What the exercise asks:
Copy the data below exactly, but not the pictures it contains.

(Extracted records begins)

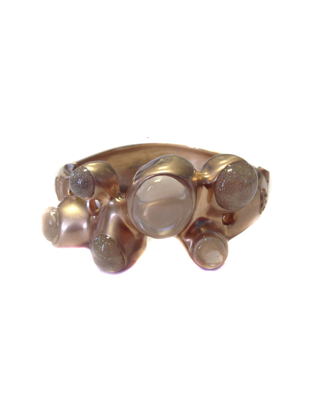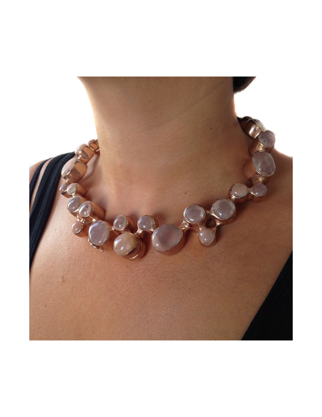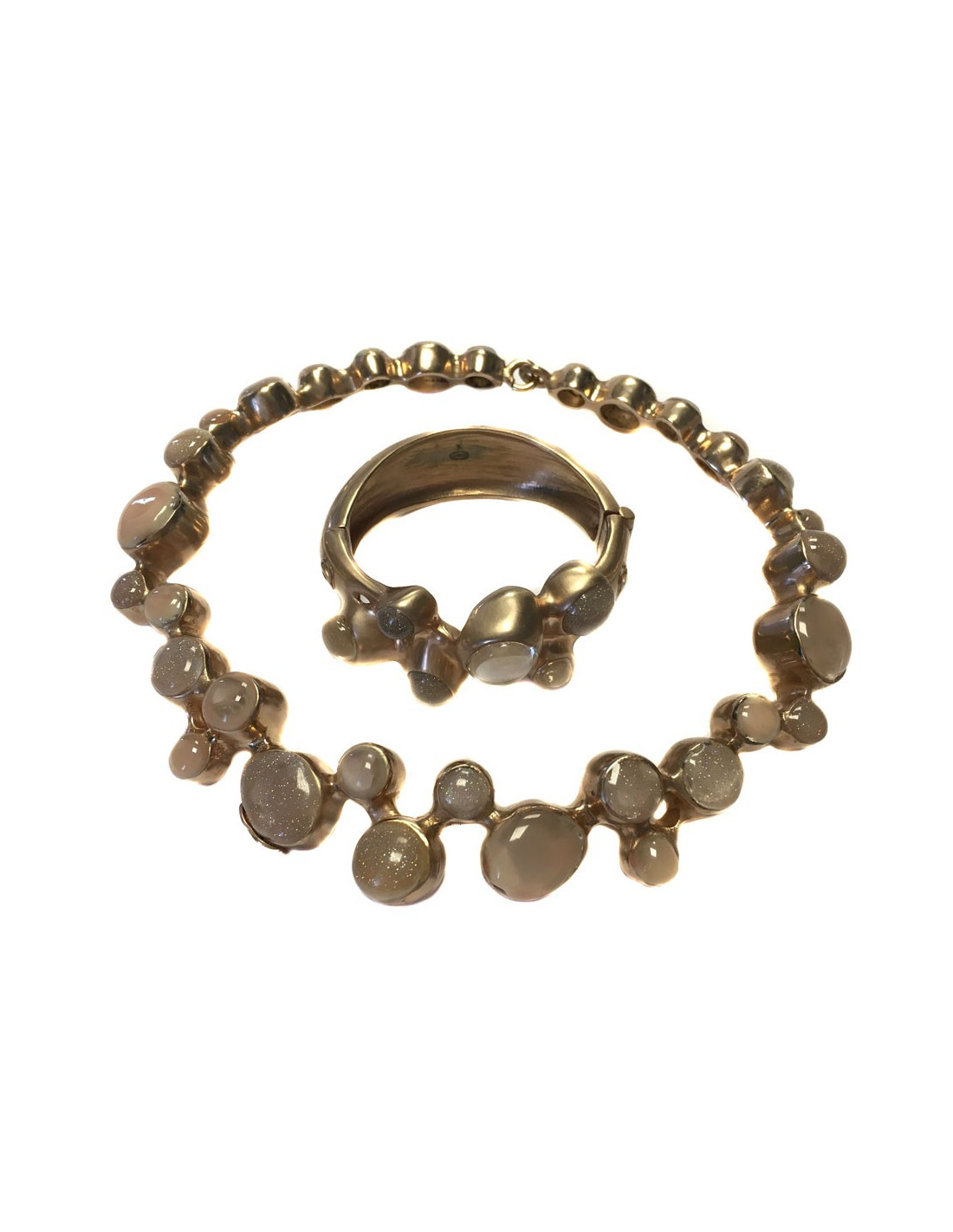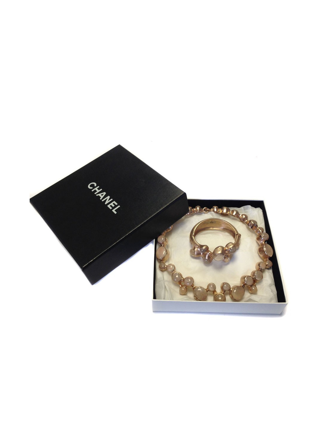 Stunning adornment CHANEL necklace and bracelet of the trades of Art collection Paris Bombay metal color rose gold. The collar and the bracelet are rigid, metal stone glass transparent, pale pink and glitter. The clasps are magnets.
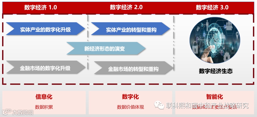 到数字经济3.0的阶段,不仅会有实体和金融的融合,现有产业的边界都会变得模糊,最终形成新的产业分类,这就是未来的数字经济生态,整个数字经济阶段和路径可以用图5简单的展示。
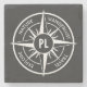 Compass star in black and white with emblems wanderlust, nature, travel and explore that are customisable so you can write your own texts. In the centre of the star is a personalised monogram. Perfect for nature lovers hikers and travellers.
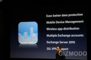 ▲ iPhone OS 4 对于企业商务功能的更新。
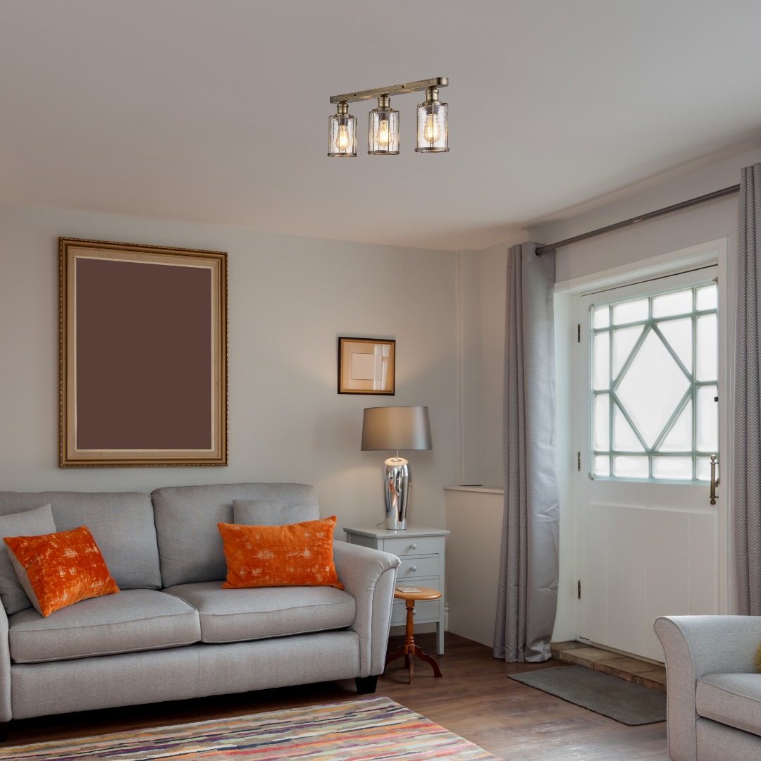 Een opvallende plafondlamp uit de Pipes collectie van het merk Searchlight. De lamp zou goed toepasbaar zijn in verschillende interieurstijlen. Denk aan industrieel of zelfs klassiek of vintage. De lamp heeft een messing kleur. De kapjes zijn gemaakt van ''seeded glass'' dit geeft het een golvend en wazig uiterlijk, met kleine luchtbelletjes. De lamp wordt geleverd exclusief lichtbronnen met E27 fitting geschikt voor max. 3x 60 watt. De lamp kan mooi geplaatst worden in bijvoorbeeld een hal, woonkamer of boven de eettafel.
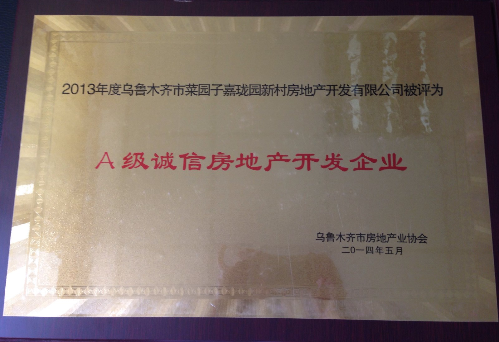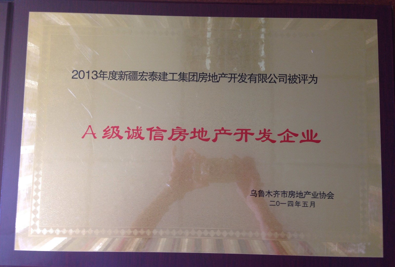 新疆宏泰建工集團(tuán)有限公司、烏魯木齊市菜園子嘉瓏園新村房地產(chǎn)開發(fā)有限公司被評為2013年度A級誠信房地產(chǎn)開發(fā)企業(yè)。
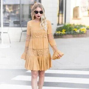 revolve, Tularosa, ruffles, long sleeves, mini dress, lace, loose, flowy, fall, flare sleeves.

(Extracted records ends)

Reply:
 Stunning adornment CHANEL necklace and bracelet of the trades of Art collection Paris Bombay metal color rose gold. The collar and the bracelet are rigid, metal stone glass transparent, pale pink and glitter. The clasps are magnets.
 到数字经济3.0的阶段,不仅会有实体和金融的融合,现有产业的边界都会变得模糊,最终形成新的产业分类,这就是未来的数字经济生态,整个数字经济阶段和路径可以用图5简单的展示。
 Compass star in black and white with emblems wanderlust, nature, travel and explore that are customisable so you can write your own texts. In the centre of the star is a personalised monogram. Perfect for nature lovers hikers and travellers.
 ▲ iPhone OS 4 对于企业商务功能的更新。
 Een opvallende plafondlamp uit de Pipes collectie van het merk Searchlight. De lamp zou goed toepasbaar zijn in verschillende interieurstijlen. Denk aan industrieel of zelfs klassiek of vintage. De lamp heeft een messing kleur. De kapjes zijn gemaakt van ''seeded glass'' dit geeft het een golvend en wazig uiterlijk, met kleine luchtbelletjes. De lamp wordt geleverd exclusief lichtbronnen met E27 fitting geschikt voor max. 3x 60 watt. De lamp kan mooi geplaatst worden in bijvoorbeeld een hal, woonkamer of boven de eettafel.
 新疆宏泰建工集團(tuán)有限公司、烏魯木齊市菜園子嘉瓏園新村房地產(chǎn)開發(fā)有限公司被評為2013年度A級誠信房地產(chǎn)開發(fā)企業(yè)。
 revolve, Tularosa, ruffles, long sleeves, mini dress, lace, loose, flowy, fall, flare sleeves.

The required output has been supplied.